A sample distributed framework based on UNIX sockets and multi-threading (POSIX threads).
Mirroring the classical meaning, the "Zookeeper" is responsible for management and distribution of work. The work is carried on by the "Worker(s)". Only a single node must be running the Zookeeper's code. Multiple nodes may run the Worker's code.
To compile, simply type make. Note that there are different makefiles for the two.
- File sharing - all files under the "shared" folder on each node are considered public to the framework
- Failure detection - simple central heartbeat approach to keep track of active nodes
- GCP - a small routine is available to solve the graph coloring problem (gcp) by distributing the input graph data
- Logging - all activities are logged on each node containing the necessary connection information
Basically there are two major threads running on each node: the control thread and the data thread. The control thread on the zookeeper maintains information about the workers: the set of workers that are active, the files they have in their shared folder, their port information etc. The control threads on the workers supply the stated to the zookeeper.

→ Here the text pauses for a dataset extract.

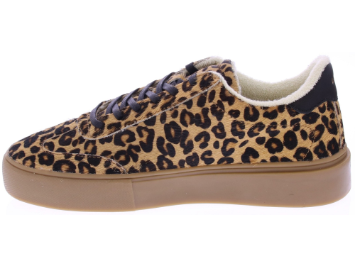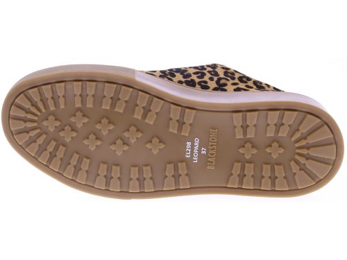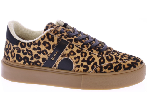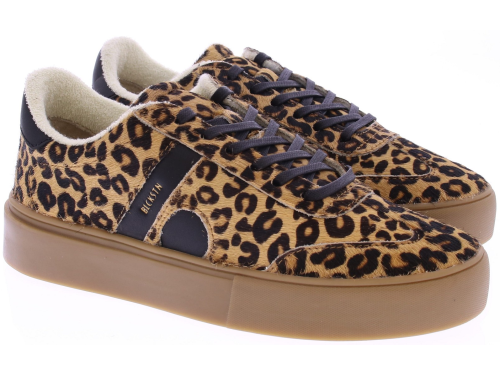 Panterprint dames sneaker van Blackstone EL298. Uitgevoerd in "pony"materiaal met zwart leren details en zwarte veter. Het zachte voetbed is uitneembaar. Aan de zijkant zit een goudkleurig logo.

The data thread on a worker waits to receive the instruction from the zookeeper to perform a task. On receipt of such an instruction, it finds the solution to the part of the problem that is assigned to it and returns the result to the zookeeper. The control thread and the data thread respectively handle the control port (cport) and data port (dport) on each node.
Only the cport of the zookeeper along with it's ip address is to be known to all the workers.
On Zookeeper: ./zookeeper
On Worker: ./worker 127.0.0.1 40000 20500 30500 <ip of zookeeper> <zookeeper's cport> <self cport> <self dport>